Each entry below should be echoed exactly, with pictures omitted.
━━━━━ EXTRACTED ENTRIES
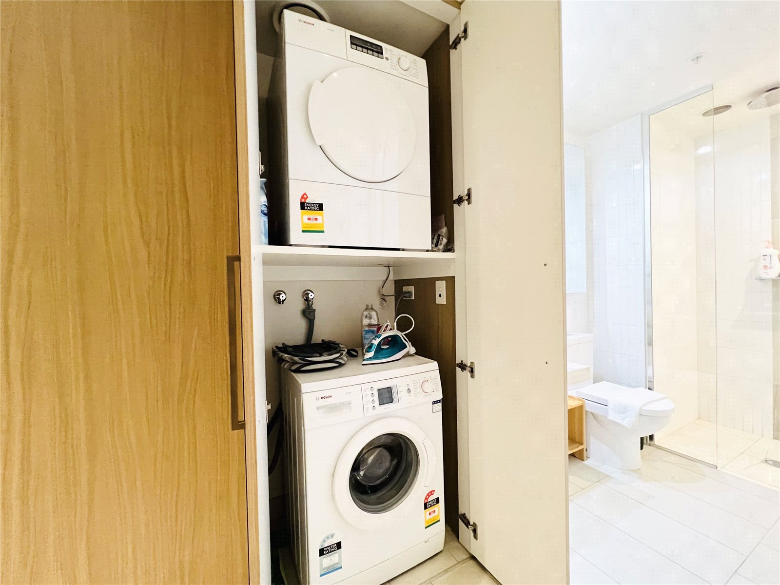 Apartment Includes: - Roller blinds throughout - Spacious entry corridor into living and dining area - Concealed storage cupboard at entry - Modern kitchen with plenty of storage space, stainless steel appliances, dishwasher drawer and integrated fridge and freezer - Lounge area comes with a comfortable sofa and a TV-set - Dining area is equipped with a two seater dining table and chairs - Very spacious bedroom with mirrored built-in robes, bed & mattress - Modern bathroom with shower - Separate euro laundry with washing machine and dryer
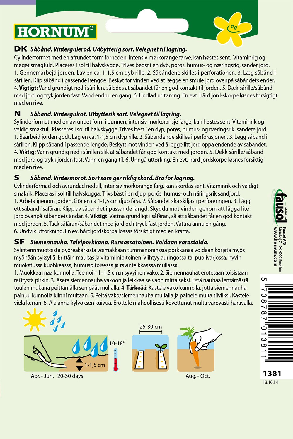 Cylinderformet med en afrundet form forneden, intensiv mørkorange farve, kan høstes sent. Vitaminrig og meget smagfuld. Placeres i sol til halvskygge. Trives bedst i en dyb, porøs, humus- og næringsrig, sandet jord. Gennemarbejd jorden. Lav en ca. 1-1,5 cm dyb rille. Såbåndene skilles i perforationen. Læg såbånd i sårillen. Klip såbånd i passende længde. Beskyt for vinden ved at lægge en smule jord ovenpå såbåndets ender. Vigtigt: Vand grundigt ned i sårillen, således at såbåndet får en god kontakt til jorden. Dæk sårille/såbånd med jord og tryk jorden fast. Vand endnu en gang. Undlad udtørring. En evt. hård jord-skorpe løsnes forsigtigt med en rive.
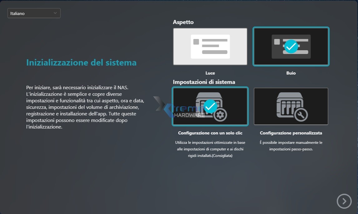 Il sistema operativo e cuore pulsante ADM, acronimo di Asustor Data Master, di tutti i NAS Asustor giunge alla versione 4.3 e aggiunge nuove funzionalità oltre che correggere come giusto che sia diversi bug preesistenti. Tramite l’Asustor ADM avremo a disposizione il pieno accesso e controllo del nostro NAS Asustor. La prima configurazione è estremamente semplice e veloce nonché localizzata in numerose lingua tra cui l’italiano. A seguire vi lasciamo alcune immagini del wizard e fasi preliminari di configurazione.
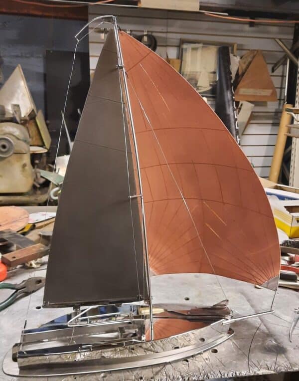 This 1720 Class Model was handmade in Stainless Steel & Copper sailing with her gennaker up.
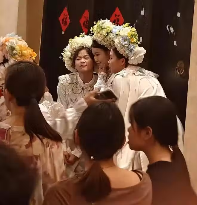 全紅嬋難得與姐妹一起合影,三姐妹全紅月全紅嬋全紅桃臉靠在一起擠表情,特別溫馨畫面,姐妹仨感情特別好。
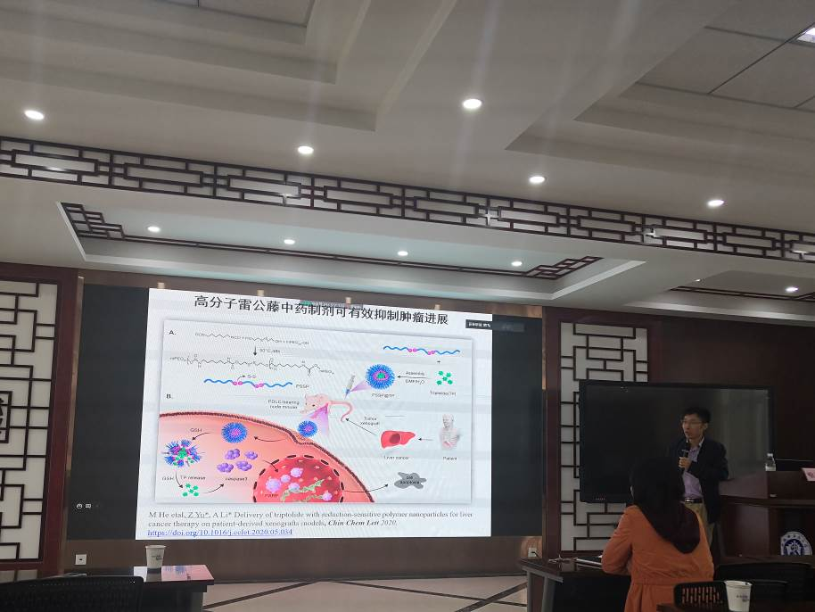此外,在中药方面,喻志强教授将雷公藤甲素与光敏分子、高分子载体结合制备成新型制剂,大大降低了雷公藤甲素的毒性,为中药的应用提供了可行性方案。喻教授的报告内容精美条理清晰,让在场的师生获益匪浅。
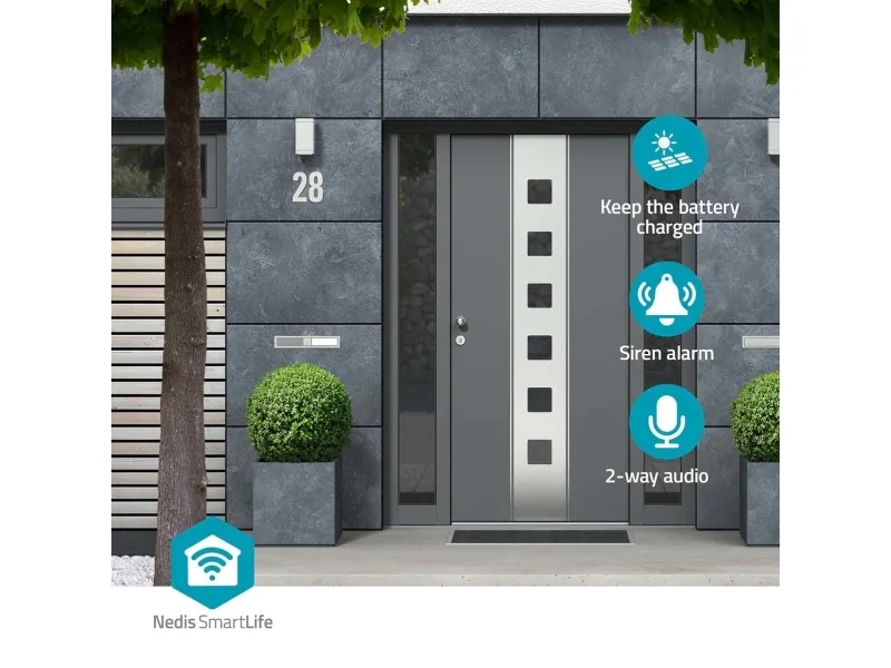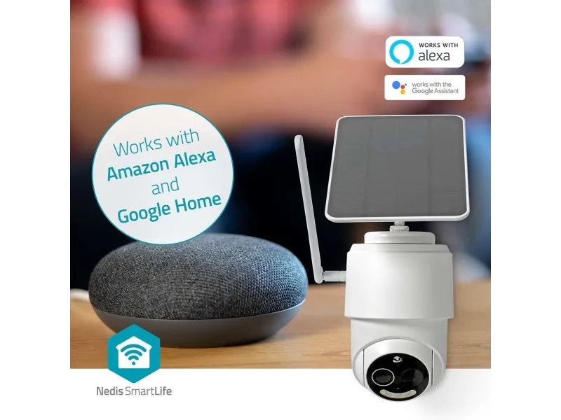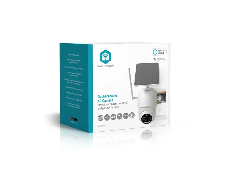 The Nedis SmartLife SIMCBO50WT offers a solution for monitoring both indoor and outdoor spaces. Designed with robust waterproof housing, this network surveillance camera is equipped with powerful infrared capability, allowing for visibility in low-light conditions. With a maximum digital video resolution of 1920 x 1080 and a 120° field of view, it captures quality images and videos to keep your property secure. Thanks to its pan and tilt functionality with a 350° panning range and 75° tilting range, the camera can cover a large area efficiently. Equipped with a 9000 mAh lithium-ion battery and an integrated solar panel, this smart camera functions in a variety of temperatures, from -10°C to 55°C. Enjoy the convenience of controlling your camera via compatible applications like Nedis SmartLife, using voice commands through intelligent assistants such as Google Assistant and Alexa. With features like two-way audio capability and motion detection, this surveillance camera is designed to provide peace of mind while ensuring that you stay connected to what matters most.
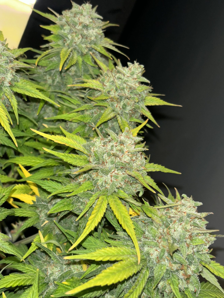 В целом все ок. Брал на первый гров. Были проблемы с ph на начале цветения. Возможно из за этого шишки получились не сильно плотные. Трихим много, смолы тоже. На последней неделе цветения аромат стоял будь здоров. Даже с фильтром пришлось понервничать. Без него крайне не рекомендую. LST прошло на ура. Отлично поддается тренировкам. Растет очень быстро. От каски до харва 65 дней. Итоговый вес 250г влажных шишек. После сушки думаю грамм 60-70 останется.
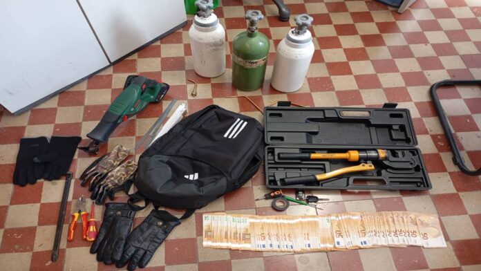 • Πλήθος διαρρηκτικών εργαλείων, όπως μπουκάλες οξυγόνου με στόμια, ηλεκτρική σέγα, λοστός, φακός, γάντια, κόφτες και κατσαβίδια.
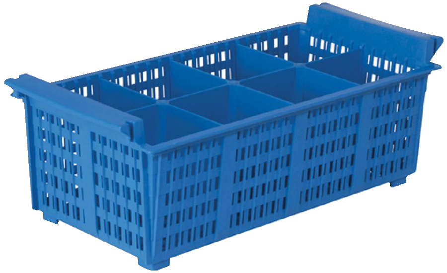 Inoxmacelin pesulokerikko (43x21x15 cm) on 8-lokeroinen tiskikori aterimille.
━━━━━━━━━━
■ ANSWER FOR THE TASK:
 Apartment Includes: - Roller blinds throughout - Spacious entry corridor into living and dining area - Concealed storage cupboard at entry - Modern kitchen with plenty of storage space, stainless steel appliances, dishwasher drawer and integrated fridge and freezer - Lounge area comes with a comfortable sofa and a TV-set - Dining area is equipped with a two seater dining table and chairs - Very spacious bedroom with mirrored built-in robes, bed & mattress - Modern bathroom with shower - Separate euro laundry with washing machine and dryer
 Cylinderformet med en afrundet form forneden, intensiv mørkorange farve, kan høstes sent. Vitaminrig og meget smagfuld. Placeres i sol til halvskygge. Trives bedst i en dyb, porøs, humus- og næringsrig, sandet jord. Gennemarbejd jorden. Lav en ca. 1-1,5 cm dyb rille. Såbåndene skilles i perforationen. Læg såbånd i sårillen. Klip såbånd i passende længde. Beskyt for vinden ved at lægge en smule jord ovenpå såbåndets ender. Vigtigt: Vand grundigt ned i sårillen, således at såbåndet får en god kontakt til jorden. Dæk sårille/såbånd med jord og tryk jorden fast. Vand endnu en gang. Undlad udtørring. En evt. hård jord-skorpe løsnes forsigtigt med en rive.
 Il sistema operativo e cuore pulsante ADM, acronimo di Asustor Data Master, di tutti i NAS Asustor giunge alla versione 4.3 e aggiunge nuove funzionalità oltre che correggere come giusto che sia diversi bug preesistenti. Tramite l’Asustor ADM avremo a disposizione il pieno accesso e controllo del nostro NAS Asustor. La prima configurazione è estremamente semplice e veloce nonché localizzata in numerose lingua tra cui l’italiano. A seguire vi lasciamo alcune immagini del wizard e fasi preliminari di configurazione.
 This 1720 Class Model was handmade in Stainless Steel & Copper sailing with her gennaker up.
 全紅嬋難得與姐妹一起合影,三姐妹全紅月全紅嬋全紅桃臉靠在一起擠表情,特別溫馨畫面,姐妹仨感情特別好。
此外,在中药方面,喻志强教授将雷公藤甲素与光敏分子、高分子载体结合制备成新型制剂,大大降低了雷公藤甲素的毒性,为中药的应用提供了可行性方案。喻教授的报告内容精美条理清晰,让在场的师生获益匪浅。
 The Nedis SmartLife SIMCBO50WT offers a solution for monitoring both indoor and outdoor spaces. Designed with robust waterproof housing, this network surveillance camera is equipped with powerful infrared capability, allowing for visibility in low-light conditions. With a maximum digital video resolution of 1920 x 1080 and a 120° field of view, it captures quality images and videos to keep your property secure. Thanks to its pan and tilt functionality with a 350° panning range and 75° tilting range, the camera can cover a large area efficiently. Equipped with a 9000 mAh lithium-ion battery and an integrated solar panel, this smart camera functions in a variety of temperatures, from -10°C to 55°C. Enjoy the convenience of controlling your camera via compatible applications like Nedis SmartLife, using voice commands through intelligent assistants such as Google Assistant and Alexa. With features like two-way audio capability and motion detection, this surveillance camera is designed to provide peace of mind while ensuring that you stay connected to what matters most.
 В целом все ок. Брал на первый гров. Были проблемы с ph на начале цветения. Возможно из за этого шишки получились не сильно плотные. Трихим много, смолы тоже. На последней неделе цветения аромат стоял будь здоров. Даже с фильтром пришлось понервничать. Без него крайне не рекомендую. LST прошло на ура. Отлично поддается тренировкам. Растет очень быстро. От каски до харва 65 дней. Итоговый вес 250г влажных шишек. После сушки думаю грамм 60-70 останется.
 • Πλήθος διαρρηκτικών εργαλείων, όπως μπουκάλες οξυγόνου με στόμια, ηλεκτρική σέγα, λοστός, φακός, γάντια, κόφτες και κατσαβίδια.
 Inoxmacelin pesulokerikko (43x21x15 cm) on 8-lokeroinen tiskikori aterimille.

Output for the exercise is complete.